Melt some butter, and add some flour, and some single cream to make a thick bechamel type of sauce. Slowly and bit by bit add the reserved poaching milk until you get the consistency that you're after. Add some grated gruyere (or emmental if you can't find gruyere), a spoon of dijon mustard and chopped up a bunch of watercress. Once the sauce is at a suitable consistency you can then pour over the fish in the dish.
Then, grab some filo (I didn't make it - too much hard work
) paint with melted butter, and crumple and place ontop of the fish, repeat until it's completely covered. Then bake in the oven until golden brown!
Et voila!:
Then for pud I made some pasteis de nata - custard tarts.
Start by making puff pastry - or buy it. I bought it, but it's bloody hard work and a PITA. Worth it for taste, but if you get a good quality butter puff from a reputable store I'm sure they'll turn out just as good.
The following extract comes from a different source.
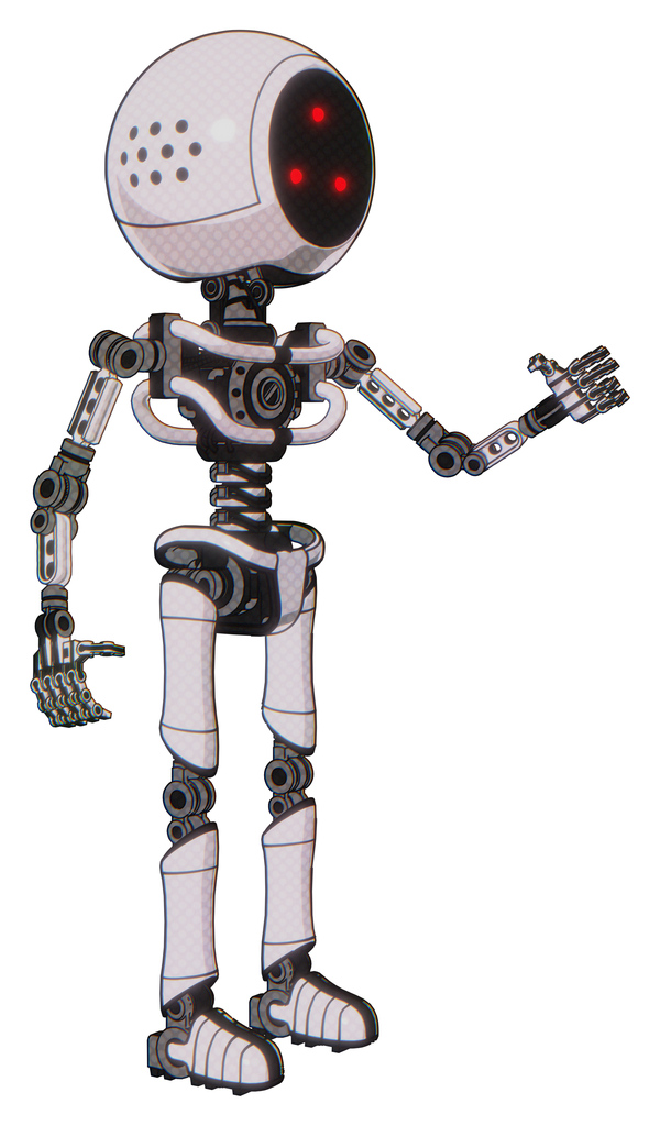 Automaton containing three led eyes round head and light chest exoshielding and no chest plating and ultralight foot exosuit. White halftone toon. Interacting.
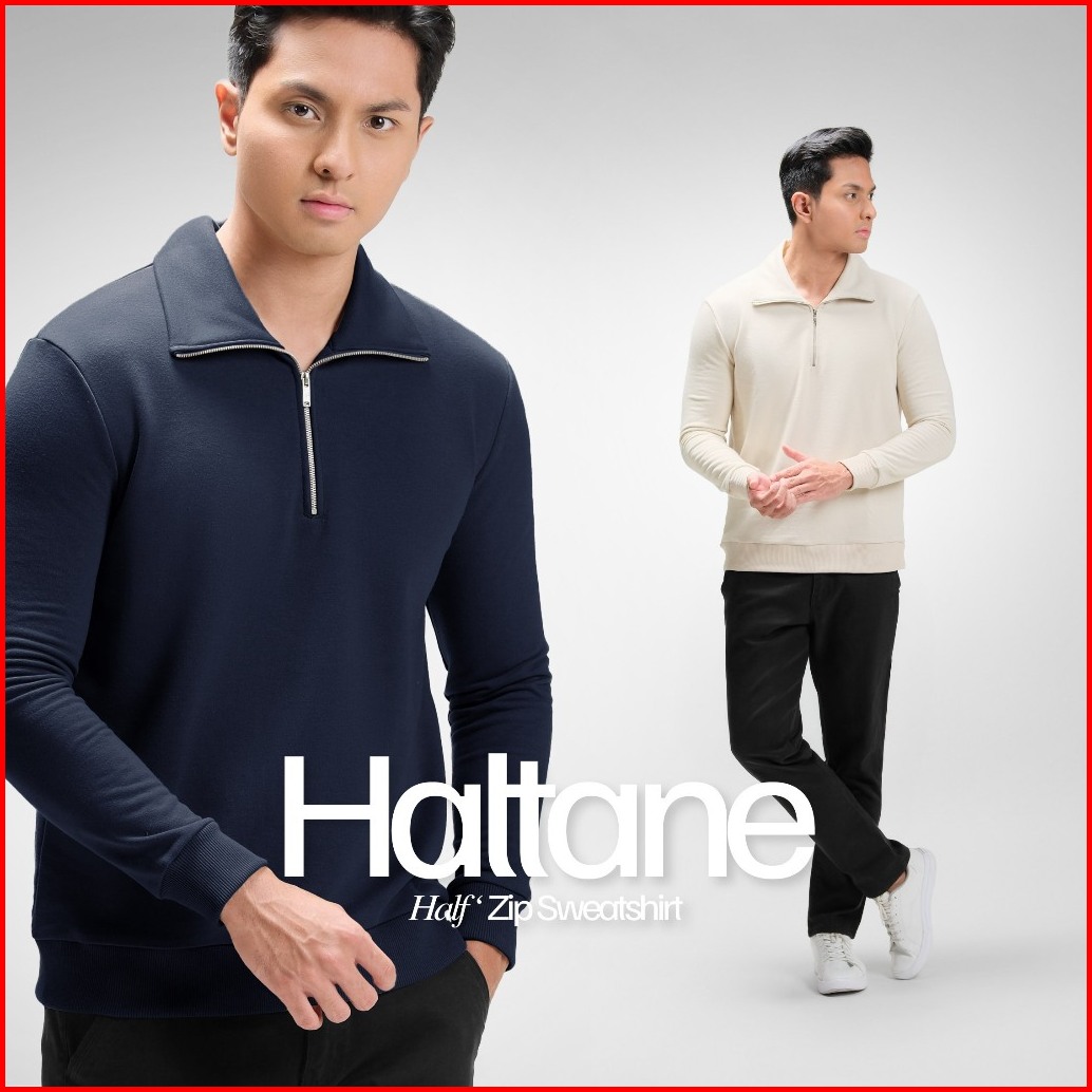 Cutoff Haltane Half Zip Sweatshirt Sweater Pria Premium Casual Lengan Panjang

Roll the puff pastry out thinly, then cut in half, then place the 2 halves ontop of one another and roll uptightly like a Swiss roll. Then cut into discs, and then roll them out to flatten them and put into a buttered tartlette dish. When rolling and preparing the pastry use a mixture of icing sugar and flour to stop things sticking.
For the custard, put some corn flour and milk in a pan with some caster sugar, add a vanilla pod and a stick of cinnamon, and stir until it thickens. Have 6 egg yolks in a bowl ready, and pour half the mixture into the eggs whisking slowly but making sure it's all mixed in well.
Add the egg/milk mixture back into the pan, whisking constantly and slowly (on a relatively low heat, you don't want it to split or start scrambling the eggs) until it thickens. Then when ready, remove cinnamon stick and vanilla pod.
Dust with cinnamon and icing sugar et voila:
and
They went down well - put a little too much sugar into the custard, but once cooked it didn't taste too bad, actually, without wanting to sound big headed, I thought they were bloody delicious! A lot of work though, but the reward is worth it.